# What you have to do
Without any pictures, print the lines below from the one that has "Contrast Panels Denim Trousers - Blue" through the one that has "Octopath Traveler 0, yukarıda", exactly and nothing else.

# Data excerpt
------------------------------------------------------------
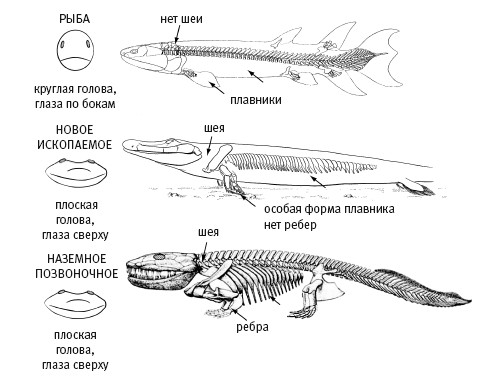 Ископаемое, которое постепенно открывалось нашим взорам осенью 2004 года, представляло собой прекрасную промежуточную форму между рыбами и наземными позвоночными. Между этими группами животных есть немалая разница. Голова у рыб коническая, в то время как у древнейших наземных позвоночных головы были плоские, с глазами наверху, как у крокодилов. У рыб нет шеи, их лопатки прикреплены к черепу рядом костных пластинок. У древнейших наземных позвоночных, как и у всех их потомков, шея имеется, то есть голова может двигаться независимо от лопаток и плечевого пояса конечностей.
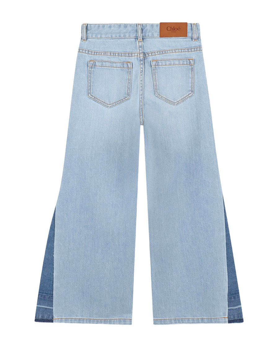 Contrast Panels Denim Trousers - Blue
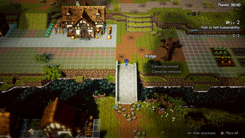Octopath Traveler 0, yukarıda belirttiğim gibi şehir inşa etmeye yönelik bir mini oyun özelliği barındırıyor. Köyün yeniden canlandırılması işi otomatik sahnelerle kısıtlanmamakta ve oyuncunun zevkine bırakılan yeni tasarım ve bina seçenekleri sunulmakta. Oyun burada, karmaşık bir yaşam simülasyonuna dönüşmese de her yeni karakterin sunumu, savaşlarda yardımcı olacağı eşyaların üretimi ve deneyim kazanmayı arttırıyor.
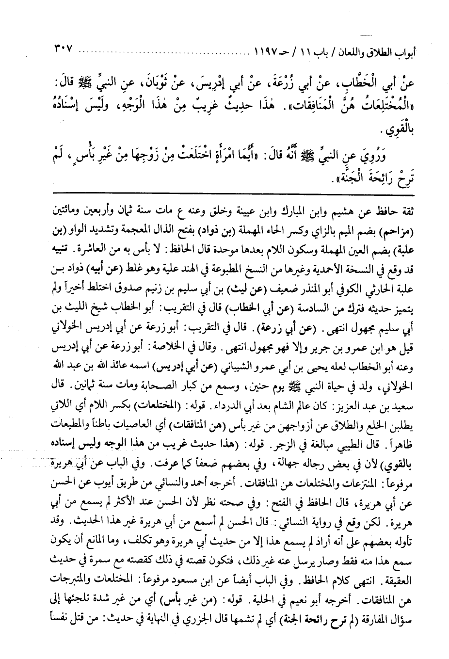 وفِي الْبَابِ عَنْ أَبِي هُرَيْرَةَ مَرْفُوعًا الْمُنْتَزِعَاتُ وَالْمُخْتَلِعَاتُ هُنَّ الْمُنَافِقَاتُ
------------------------------------------------------------
# Finished task
 Contrast Panels Denim Trousers - Blue
Octopath Traveler 0, yukarıda belirttiğim gibi şehir inşa etmeye yönelik bir mini oyun özelliği barındırıyor. Köyün yeniden canlandırılması işi otomatik sahnelerle kısıtlanmamakta ve oyuncunun zevkine bırakılan yeni tasarım ve bina seçenekleri sunulmakta. Oyun burada, karmaşık bir yaşam simülasyonuna dönüşmese de her yeni karakterin sunumu, savaşlarda yardımcı olacağı eşyaların üretimi ve deneyim kazanmayı arttırıyor.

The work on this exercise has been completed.